- Directions for this task -
Of the entries below, return exactly those lines that fall between the one containing "TOSCANA - CARTA" and the one containing "Animonda GranCarno Superfoods", the two end lines included.

(Information shown)

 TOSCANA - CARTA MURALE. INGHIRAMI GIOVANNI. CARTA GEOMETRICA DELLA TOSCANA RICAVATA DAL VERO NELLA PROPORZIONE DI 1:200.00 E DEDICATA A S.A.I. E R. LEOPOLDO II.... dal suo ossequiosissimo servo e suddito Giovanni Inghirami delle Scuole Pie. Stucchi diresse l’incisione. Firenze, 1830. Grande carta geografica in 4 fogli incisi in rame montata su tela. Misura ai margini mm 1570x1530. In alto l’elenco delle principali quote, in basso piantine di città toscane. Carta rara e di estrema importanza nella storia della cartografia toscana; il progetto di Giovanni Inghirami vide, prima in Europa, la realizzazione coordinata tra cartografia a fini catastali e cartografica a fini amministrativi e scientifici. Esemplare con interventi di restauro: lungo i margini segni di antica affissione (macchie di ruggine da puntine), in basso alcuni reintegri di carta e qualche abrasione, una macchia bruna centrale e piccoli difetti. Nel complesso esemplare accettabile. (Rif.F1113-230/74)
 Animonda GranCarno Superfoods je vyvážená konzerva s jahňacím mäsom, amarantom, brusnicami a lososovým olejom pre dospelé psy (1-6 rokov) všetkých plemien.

(End Information shown)
(Information shown)

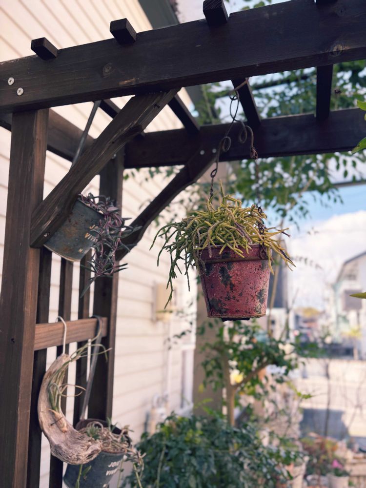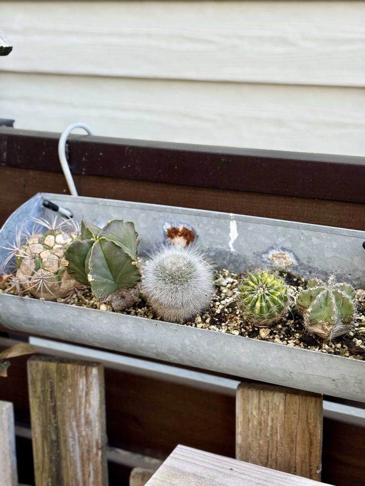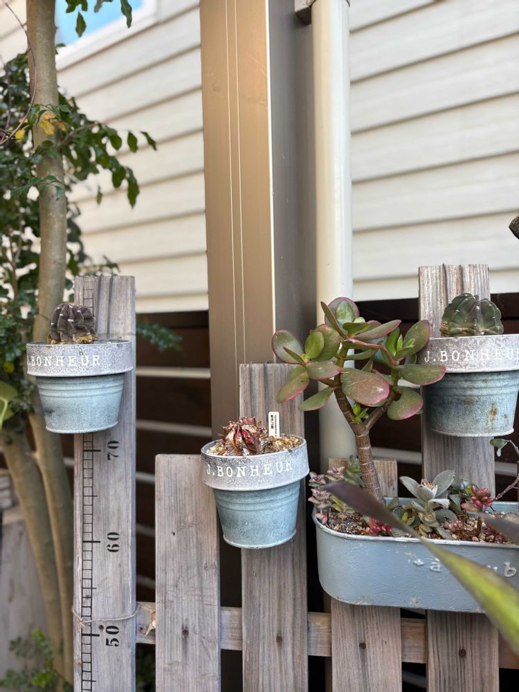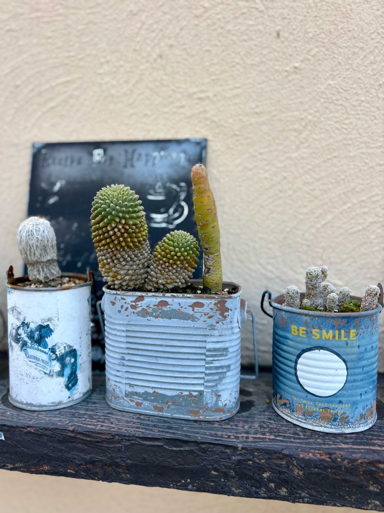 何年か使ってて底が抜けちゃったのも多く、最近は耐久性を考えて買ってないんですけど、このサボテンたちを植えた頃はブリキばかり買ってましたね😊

(End Information shown)

- Answer box -
 TOSCANA - CARTA MURALE. INGHIRAMI GIOVANNI. CARTA GEOMETRICA DELLA TOSCANA RICAVATA DAL VERO NELLA PROPORZIONE DI 1:200.00 E DEDICATA A S.A.I. E R. LEOPOLDO II.... dal suo ossequiosissimo servo e suddito Giovanni Inghirami delle Scuole Pie. Stucchi diresse l’incisione. Firenze, 1830. Grande carta geografica in 4 fogli incisi in rame montata su tela. Misura ai margini mm 1570x1530. In alto l’elenco delle principali quote, in basso piantine di città toscane. Carta rara e di estrema importanza nella storia della cartografia toscana; il progetto di Giovanni Inghirami vide, prima in Europa, la realizzazione coordinata tra cartografia a fini catastali e cartografica a fini amministrativi e scientifici. Esemplare con interventi di restauro: lungo i margini segni di antica affissione (macchie di ruggine da puntine), in basso alcuni reintegri di carta e qualche abrasione, una macchia bruna centrale e piccoli difetti. Nel complesso esemplare accettabile. (Rif.F1113-230/74)
 Animonda GranCarno Superfoods je vyvážená konzerva s jahňacím mäsom, amarantom, brusnicami a lososovým olejom pre dospelé psy (1-6 rokov) všetkých plemien.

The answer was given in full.